Matt Palmer’s path to becoming an NRHA Million Dollar Rider wasn’t a straight line, it was a journey shaped by both opportunity and setbacks. Growing up around horses in Pennsylvania, Palmer’s family life revolved around reining and pleasure horses, but he also pursued baseball at a high level.
“Take the negative and there’ll be a positive at the end with it and run with it.

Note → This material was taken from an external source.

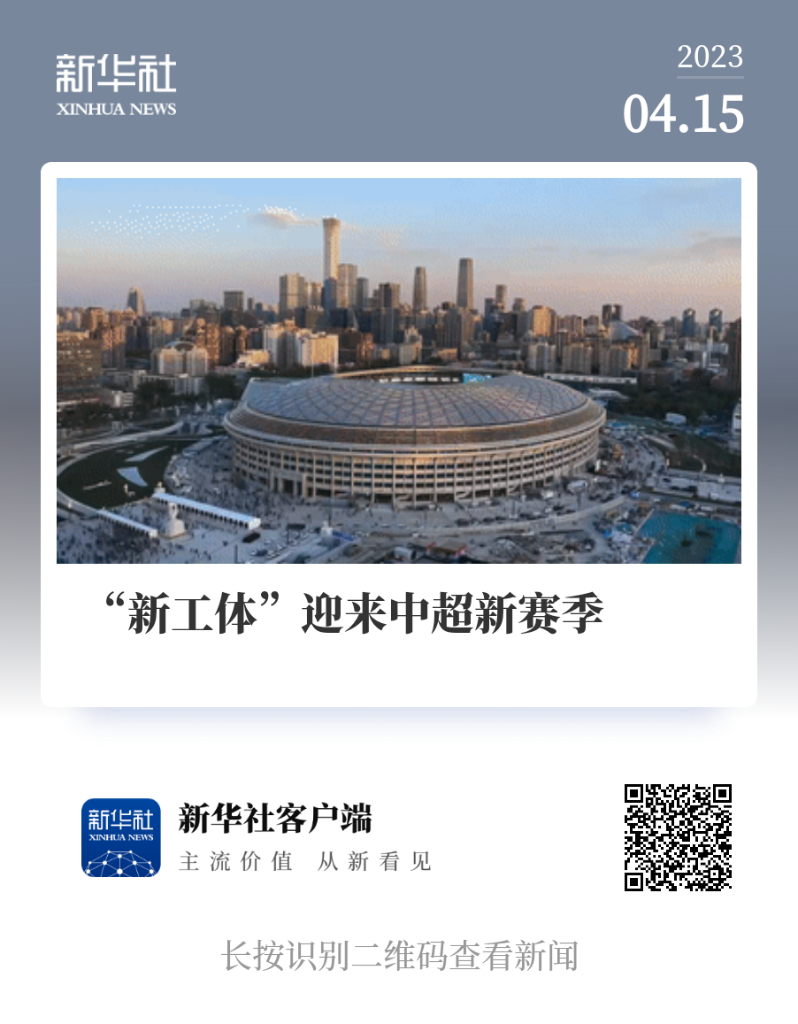 改造复建后的“新工体”迎接中超“新赛季”,拥有60多年历史的北京工人体育场,开启中国足球职业联赛的第30年、也是中超联赛诞生后的第20个赛季。2023年4月15日晚7点15分,新赛季中超联赛开幕式在新工人体育场举行,中国足球职业化的见证者、功勋教练金志扬与2022中国金球奖得主张玉宁共同推动划线车绘出新赛场,“共创新未来”字样的巨型横幅缓缓展开……经过两年多改造复建,这座承载众多荣耀的体育场在4万6千多名观众响彻云霄的欢呼声中、在屏幕前亿万球迷的注视下宣告回归。

That’s the best advice I can give to anybody that gets hurt or has setbacks.”
— Matt Palmer
From Baseball to Reining: Building Mental Toughness

Before he was making headlines in the reining pen, Palmer was kicking up dust on the baseball diamond.
“I got a scholarship to play baseball and, you know, there was a chance there that thought I was going to get drafted,” Palmer recalled.
That dream was cut short when he tore his rotator cuff as a college freshman. The silver lining? While he was sidelined in his dorm, Palmer found himself flipping through The Reiner magazine and getting pulled back into the world of reining. That pull eventually led him to an internship with Tom McCutcheon, and ultimately, a career in horses.
His baseball experience helped to shape the way he thinks about competition. The lessons in resilience and perspective prepared him for the ups and downs of the show pen.
But even with that foundation, Palmer admits setbacks still test him. After breaking his foot in a freak riding accident in 2023, he faced one of the hardest mental battles of his career. He went through surgeries and felt optimistic when the doctor said he’d be back in three months. Unfortunately, that wasn’t the case.
“Well, in my mind,” Palmer explained, “three months means I’m going to be back to riding, playing baseball, being normal. No, in three months, they’re sticking me on a treadmill, putting me in the air so I can learn how to even walk again. That hit me really tough, because in my mind, I felt like, okay, the doctor says the bones are supposed to be healed… and I’m supposed to get back to normal. It wasn’t that way, and I was not mentally prepared for that.”
Being on the sidelines longer than expected took a toll on him, but it also forced him to step back, reassess, and build a new mental framework which he began reviewing his past runs and looking at everything through a new lens.
“I think by taking that step back, it’s made me a better horse trainer this year,” he said. “I think by opening up those two perspectives it’s also made me a better person, and a better family man, too.”
Take Your Routine on the Road
Palmer believes consistency is one of the biggest mental advantages a rider can give themselves.
“The greatest athletes in any sport… have a routine,” he said. “When it comes to myself and to my horses, I try to keep a very exact routine on every single thing that I do, just like I’m at home. So when I travel, I kind of try to bring my home and my routines with me.”
For him, taking his routine on the road and keeping everything consistent, from his morning breakfast to his gym workout keeps him grounded and in the best mental state to be successful. The routine doesn’t just benefit him, it steadies his horses, too.
He stresses that the road is unpredictable—weather changes, schedules shift, and horses feel the strain, but having things that you can rely on to be the same everyday makes all the difference for him and his horses.
Why Not Us?
If there’s one phrase Palmer has become known for, it’s his motto: Why Not Us. Inspired by Cincinnati Bengals quarterback Joe Burrow, the saying is a reminder that success isn’t limited by geography, resources, or circumstance.
“I’m from the East Coast,” he said. “We all know it’s a little bit harder when you got to travel, and you got to find your ways… I hear a lot of younger people say, well, you can’t do it from the East Coast. You got to live out in Texas or Oklahoma. And, you know, I just kind of wanted to show them that, no, you can. Why not us?”
For Palmer, it’s not just a hashtag, it’s a mindset.
“If you’re a family person, you don’t want to leave your family, but you have a dream to be a million-dollar rider, you can do it,” he explained.
That belief has carried him through injury, setbacks, and the grind of the show schedule.